The dimmer input accepts a zero-to-ten-volt signal.
You are not reading what I wrote. These are CEILING FANS in a HOME THEATER. Alternate fixtures are not an option; they are part of the ceiling fan. The dimmer must be considerably smaller than a matchbox so it can fit in the bell housing.
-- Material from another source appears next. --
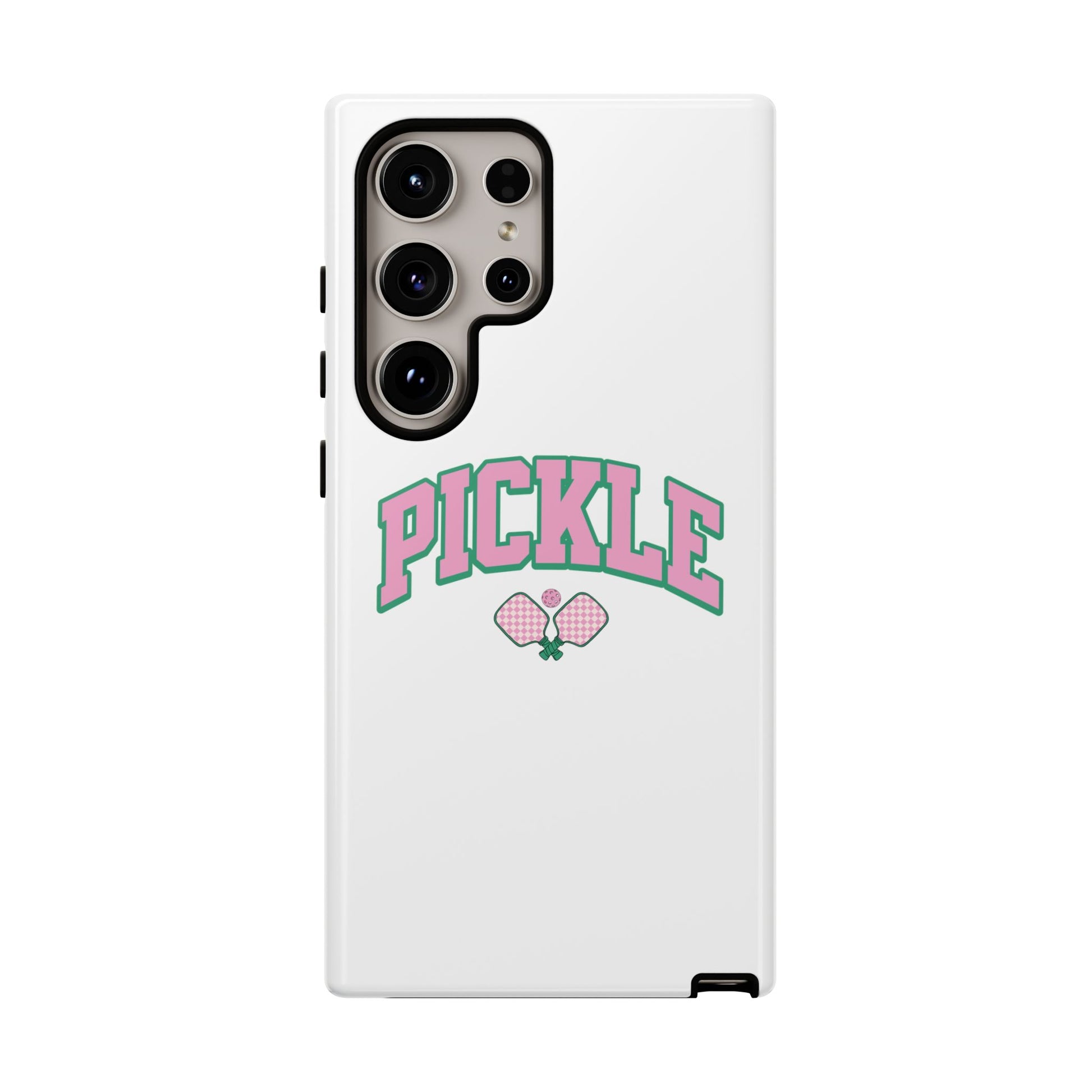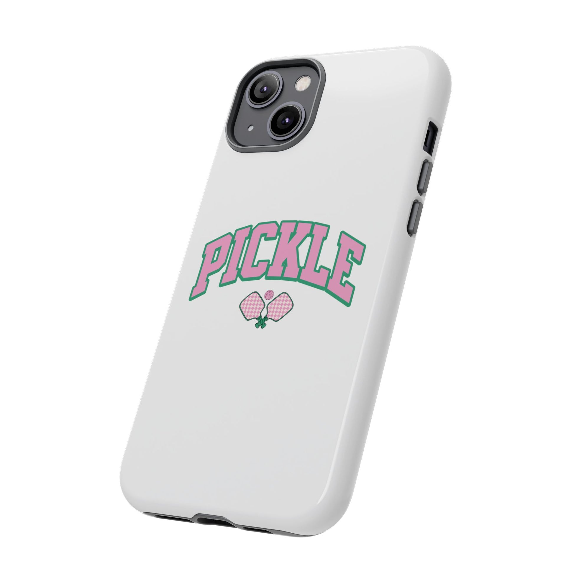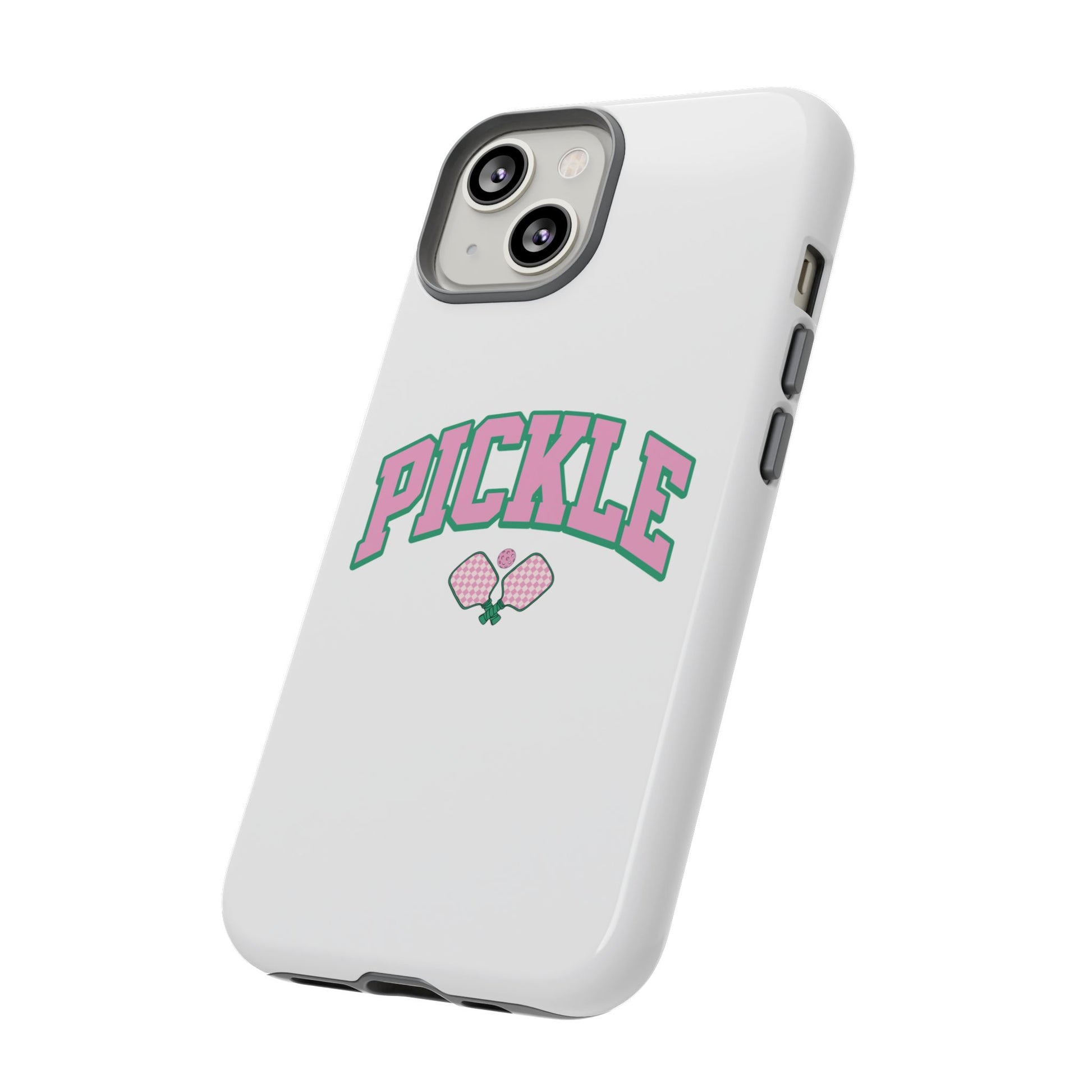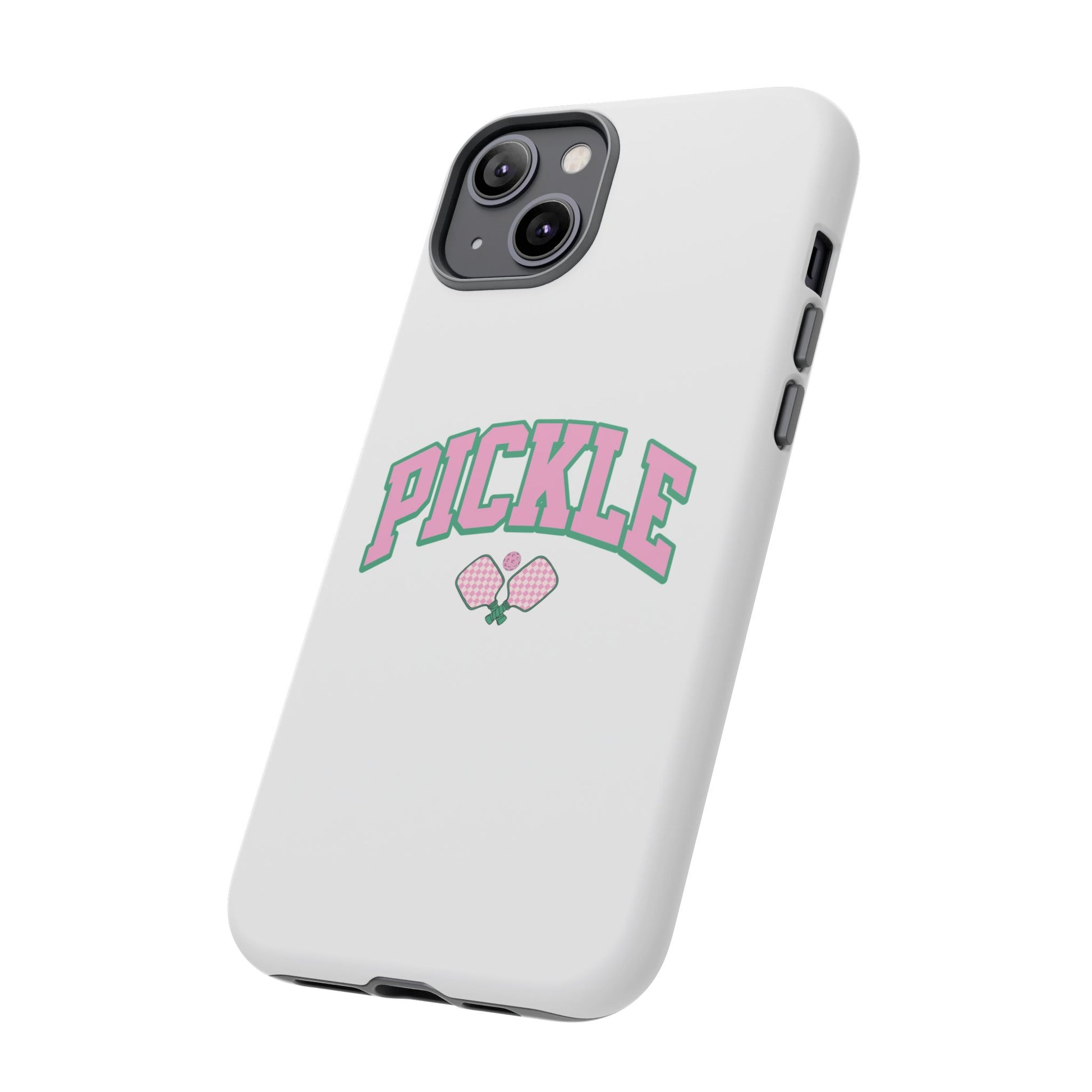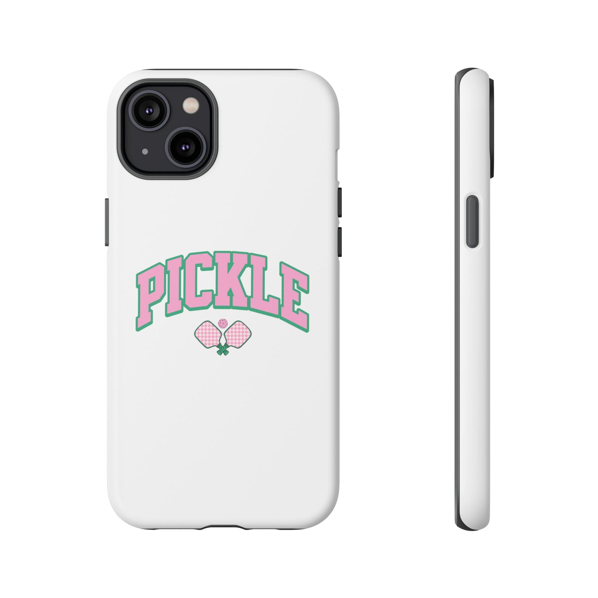 Turn heads on and off the court with the PICKLE phone case, sporting bold pink and green collegiate-style letters with pink check crossed paddles below it.

Wow, what a pain in the ass. Guy said nothing about ceiling fans in the
original post. Imagine showing up looking for free work and barking
orders simultaneously. Wanna bark orders at least have the decency to
pay someone for the privilege.

It\'s rather unrealistic ambition. He wants to control ten watts or more at 110V AC - about 100mA - and wants the whole thing in a package smaller than a matchbox, and simple with it. You can get quite a lot of surface mount components into that sort of volume, but it would need some reactive components, and ones that can cope with that kind of power tend to be a bit on the bulky side.
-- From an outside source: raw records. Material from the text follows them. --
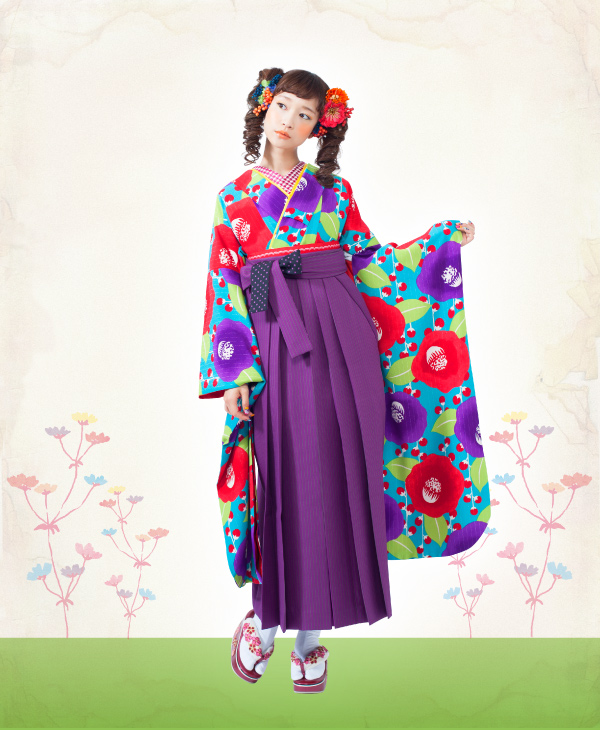 ポップでカラフルな椿柄の振袖は人気、和風館の振袖。
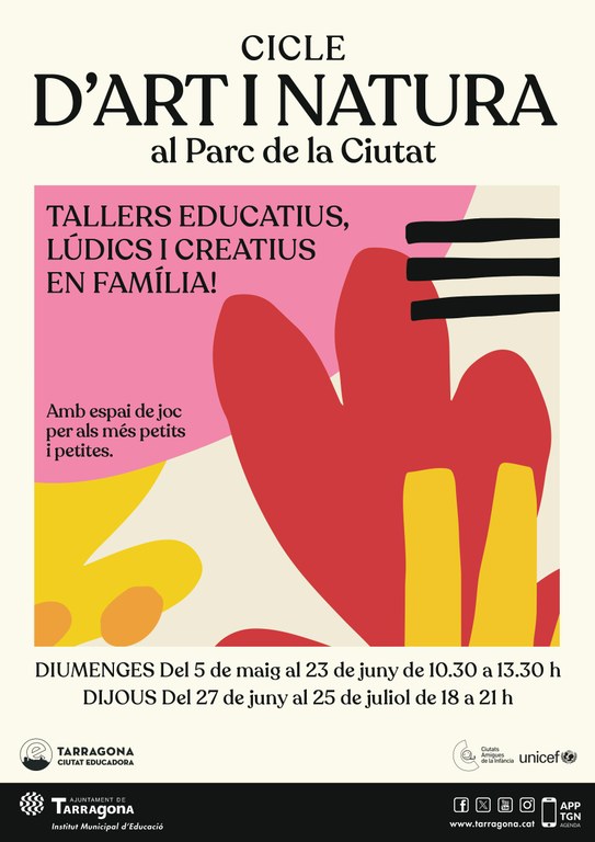 L'Institut Municipal d'Educació Tarragona (IMET) posa en marxa, a partir d'aquest diumenge 5 de maig, el cicle d'art i natura que tindrà lloc a l'espai de La Guingueta del Parc de la Ciutat. L'activitat, gratuïta i sense inscripció prèvia, oferirà tallers educatius, lúdics i creatius; i s'adreça a infants a partir de tres anys. El cicle també ofereix una activitat de joc i experimentació per a la petita infància (infants de zero a tres anys).
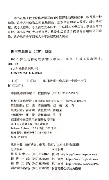 100个野生动物的故事/人与动物系列丛书
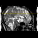 Click on sagittal image to select slice. Click on thin tickmark to change timepoint, or thick tickmark for overlay.
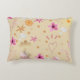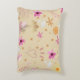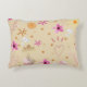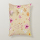 Custom-designed throw pillow with pink and beige colors and whimsical flowers, hearts and stars design. Perfect accent pillow. Made in the U.S.A.
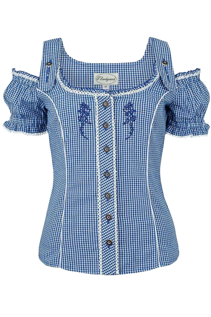 Diese süße und trachtige Carmenbluse verfügt über ein paar niedliche Details. Die Trägerchen der Bluse sind mittels zwei Hirschhornknöpfen höhenverstellbar. Die Ärmelchen sind am Abschluss oben sowie unten leicht gerafft und mit einer weißen Rüschenbordüre umrandet. Auch den Ausschnitt ziert eine weiße Rüschenbordüre. Die Abnäher sind einfarbig weiß gestaltet, was einen tollen Kontrast bildet. Hinten ist eine zarte Zierschnürung aus transparenten, weißen Band angebracht. Die Knopfleiste ist mit Knöpfen in Hirschhornoptik versehen und links sowie rechts von einer Rüschenbordüre umrandet. Das Karomuster ist auf der Knopfleiste gedreht. Links und rechts der Knopfleiste ist eine aufwendige Zierstickerei in blau angebracht.
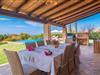 Die beiden hohen Palmen, die den Pool elegant säumen, sind nur eines der markanten Merkmale, die dieses einladende Ferienobjekt auszeichnen. Eine lockere und dekorativ bepflanzte Fläche prägt den angenehmen Eindruck von außen. Rasen- und Kiesflächen prägen die Atmosphäre, die diese Villa umgibt, ebenso wie die Terrassenflächen aus Naturstein. Der extrem lange Infinity-Pool mit 14-Meter-Bahnen ermöglicht Ihnen das besondere Erlebnis, beim Gleiten durch das Wasser den Blick uneingeschränkt in die Ferne schweifen zu lassen. Das Poolbecken ist mit hübschen, leuchtend blauen Mosaiksteinen gefliest und sehr bequem über eine Treppe erreichbar. Zum gemütlichen Sonnenbaden stehen ausreichend bequeme Liegen zur Verfügung. Für den Fall, dass die UV-Strahlung zu stark wird, stehen drei Sonnenschirme in der Nähe. Auch die überdachte Terrasse direkt am Haus lädt zum Verweilen ein. Vielfältig platzierte bequeme Sitzmöbel werden stimmungsvoll umrahmt von Naturstein, einer rustikalen Sichtbalkendecke und opulenten Säulen. Am großen Esstisch können Sie Ihren Morgen mit Blick auf die beeindruckende Weite beginnen und gleichzeitig ein stärkendes Frühstück genießen. Abends lädt der Grill zum Zubereiten eines kulinarischen Abendessens ein.
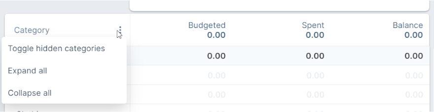 Category groups can be expanded or collapsed by clicking on the arrow to the left of the Category group name. All category groups can be expanded or collapsed at once by using the three-dot menu at the top of the category list.
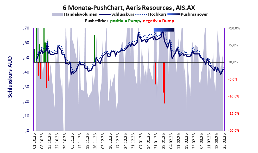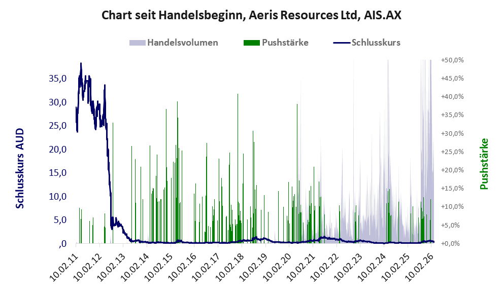 Bei dieser Aktie liegt das Inkassomodell vor. Das tägliche Handelsvolumen betrug an obiger Börse während der letzten drei Monate bis Berichtsdatum: 8.546.878 Stück, das sind 0,7% der ausgegebenen Aktien. Die hohe Geldverbrennung in der Explorationsphase von Aeris Resources hat sich gelohnt. Die Produktion wurde aufgenommen und man arbeitet profitabel.

In 1971 my pal who was also an EE student, designed and built a hand
proximity dimmer using up/downcounters with hand wave duration step size
in 3 steps or continuous with 256 steps in a 2 second. The counter value
was then converted to phase angle in a non-linear fashion to linearize
intensity for controlling the Triac. If you are driving only LED\'s and
the dimmer fails due to leakage currents, the std fix was to add a 8W
bulb which acts as a ~60W gradient load at low levels due to thermal
resistance to shunt leakage currents. It would detect an rapid hand
wave at 1ft away and like the Star Trek door effect. Or nowadays the
Walmart door experience. This is all trivial Logic design and used a
small hand-wound pulse transformer for isolation to the touchpad that
acted as an antenna. The signals used for proximity were in the xx kHz
range.

But rather than an inverter a phase controlled Triac can work well if
the AC LED bulb is dimmable.

Tony.
 
I cleaned up the design a bit:

<http://siliconventures.net/images/Ramp.PNG>

Here are the board designs:

Top
<http://siliconventures.net/images/Ramp%20Board%20Top.PNG>

Bottom
<http://siliconventures.net/images/Ramp%20Board%20Bottom.PNG>

Top Copper Only
<http://siliconventures.net/images/Ramp%20Board%20Top%20Copper.PNG>

Bottom Copper Only
<http://siliconventures.net/images/Ramp%20Board%20Top%20Copper.PNG>

This is curious. There seems to be a birdy right at 0.8 seconds. I investigated a little, and it looks to be real. This will produce a little flicker just before 1 second is elapsed, but I don\'t think that will be a show-stopper:
<http://siliconventures.net/images/Trace%20Analysis.PNG>
 
On Friday, October 2, 2020 at 5:50:21 AM UTC-5, Anthony Stewart wrote:

In 1971 my pal who was also an EE student, designed and built a hand
proximity dimmer using up/downcounters with hand wave duration step size

That\'s a neat idea. Just a few years later than that I was asked to design a power supply for a superconducting solenoid. It had to provide 0 - 1000 amperes at 0.0 - 0.75 VDC reproducible to within 0.001 ampere over a minimum time frame of 6 months. It had to be able to ramp the current over a period of as much as 2 weeks. I used an LF356 with an oil-filled capacitor that cost $200 - in 1980 dollars, mind you - to create the ramps.